2019 seemed to finally be the year that front-end development shed its adolescent angst and grew up into a real environment that grown-ups can use. And by grown-ups I mean a guy who just a month ago put his first sticker on his MBP. ES6 works natively without transpilation and it took me about 17 seconds to get create-react-app to Hello World. When I tried this in 2016, I followed the original JavaScript Stack from Scratch and basically gave up because it was a total cluster. But now that ES6 works withourt layers of indirection, the guts of Webpack are safely hidden away, imports and exports work nicely, classes exist, and nobody cares if I use npm instead of gulp, grunt, or yarn, I’m finding writing JavaScript to be rather fun.

A better way

Now I’ve found another reason to revisit the front-end. Last year I started working a little bit with Julia and while it certainly didn’t inspire me to immediately abandon R and Python, I was impressed enough with some of the tooling and can definitely see the promise. It’s a little funky and gives me Scala flashbacks, but because of its thoughtful design, Julia might in ten years time be a powerful ecosystem for data science. One of the interesting discoveries I made along this exercise was the DataVoyager interface to the Voyager data exploration tool, which spins up a nice browser interface with auto-generated plots to very quickly assist in the first stages of exploratory data analysis. Voyager is an impressive project but it doesn’t solve the problem from the analyst’s perspective. The defaults are all wrong, the interface is clumsy, the styling feels way too much like a Microsoft product, and adapting it to work the way my brain wanted it to work was so distracting I constantly lost my train of thought and couldn’t focus on the data. In sum, I was fighting with it so much that it failed to do its job of showing me what I needed to see in my datasets. But the idea is so tantalizing and it’s a great start except that it doesn’t go any further than plotting. So I decided to write my own front-end dataset exploration tool. With blackjack and… actually, forget the dataset exploration tool. Before we do that, we need a dplyr (or pandas if you prefer) for JavaScript. And before that, we need some basic statistical distribution functions.
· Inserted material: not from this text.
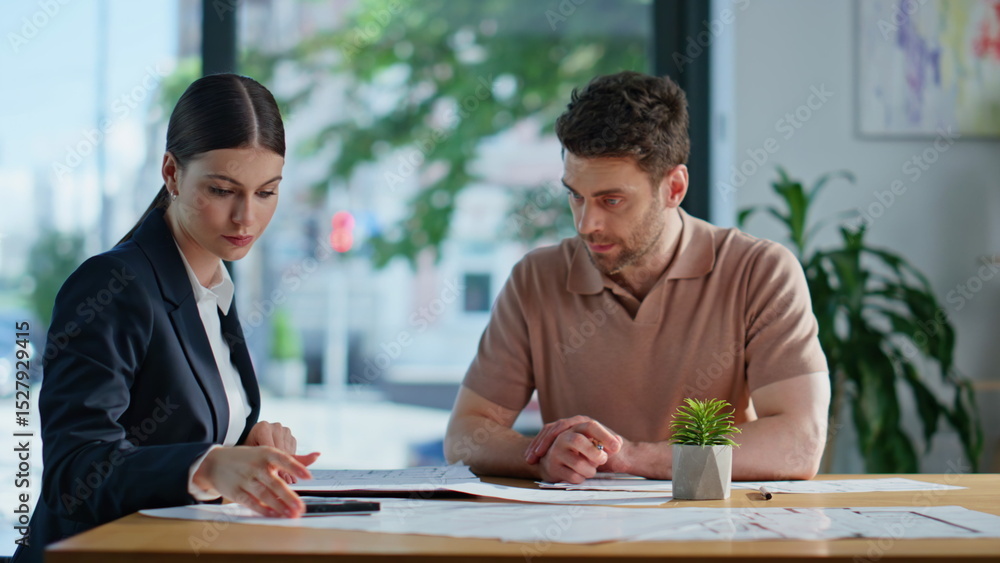 Business consultant calculating project to businessman at office meeting closeup

I started writing a dataframe class, with basic tabulation and join methods. Mean, median, mode, no sweat. Need some random numbers like rnorm? Easy. Ok, what about qnorm? Ouch, now I need to code Wichura’s algorithm. Looking ahead, I can see this will start to get painful really fast. Do I really want to write a full set of robust statistical functions in JavaScript simply to enable my visual exploration tool? I soon realized that instead of trying to recreate R and dplyr, wouldn’t it be much easier if I could actually just use R and dplyr? I pivoted back to R. It was a breath of fresh air. What if I can let R do all the backend work and just focus on building a front end to enable all the ideas I’ve been having for better EDA?

For this idea to work, I’ll need the web browser talking to a running R process. And here’s where it starts to get interesting.

Web applications and R

Python has Django and Flask, Ruby has Rails, Javascript has Express, PHP has, well, PHP, Julia has Genie, even C has a web application framework called Kore. So what about R? Why doesn’t R have a popular web application framework?
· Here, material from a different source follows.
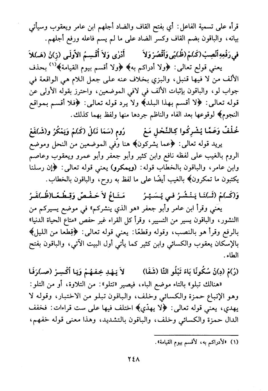 يعني وقرأ ابن عامر وأبو جعفر «هو الذي ينشركم» في موضع يسيركم من النشور، والباقون يسير من التسيير، وقرأ كل القراء غير حفص «متاع الحياة الدنيا» بالرفع وقرأ هو بالنصب، وقوله وقطعا: يعني قوله تعالى: قطعا من الليل بالإسكان يعقوب والكسائي وابن كثير كما يأتي أول البيت الآتي، والباقون بفتح الطاء.

There are several reasons why R as a platform for web application development hasn’t really taken off. I’ve often heard the criticism that R is slow and that’s why it hasn’t gained ground as a general purpose scripting language let alone a platform for web development. In my experience, this criticism misses the mark. I don’t find R to be inherently slower than any of the other high-level languages mentioned above. There are, however, some real differences with those languages that make R more challenging for serving web applications.

One glaring issue is that the R process is single-threaded. Efforts over the years to bring multithreading to R have met possibly insurmountable challenges due to the architecture of the R internals. Some of the best R core developers investigated many years ago what it would take to support threads in R, starting with Duncan Temple Lang in his PhD thesis in 1997. Luke Tierney discussed some of the issues in 2001 in Threading and GUI Issues for R. The topic continues to surface from time to time. For example, more recently, Lukasz Bartnik describes his pursuits into some research into parallelizing R in (A Very) Experimental Threading in R. But I think the final verdict in this case was well summarized by Dirk Eddelbuettel in 2012 in this Stack Overflow question, “The R (and before it, S) internals are single-threaded, and will almost surely remain single-threaded.”

Some confusion in this space arises from the fact that multi-threading can be accomplished in R packages. Since R can link to code written in other languages that do support threading, it’s possible to write a library in C++ in which threading can be managed and then R will appear to be taking advantage of multiple threads. For example, Revolution Analytics (now Microsoft R Open) can be compiled against multi-threaded BLAS/LAPACK libraries. Similarly, recent versions of httpuv will use a background thread for I/O which communicates with the R process using sockets. However, this approach doesn’t change the fact that the main R process itself is limited to a single thread of execution.²

You may be thinking, “why would anyone want to do that anyway?” When it comes to serving web applications, multithreading is actually very important. Handling requests with light-weight threads instead of heavy-weight processes will greatly improve the throughput of your application servers. Consider this common architecture for a high traffic Django site: a load-balanced fleet of nginx servers handling static assets and proxying application requests to a set of Apache servers running mod_wsgi. If you configure Apache to use either the worker or event MPM, then each Apache process will manage a number of threads each of which can handle its own request. If you use Apache’s prefork module, you will only be able to handle one request per process and this will sharply limit the throughput requests that your application server will be able to handle. On the Python side, configure mod_wsgi in daemon mode so that the Python interpreter will have its own set of processes, rather than being embedded in the Apache processes, and also enable multithreading so that each interpreter process can independently handle its own Django request. I’ve written more about how to accomplish this setup in Svelte Apache.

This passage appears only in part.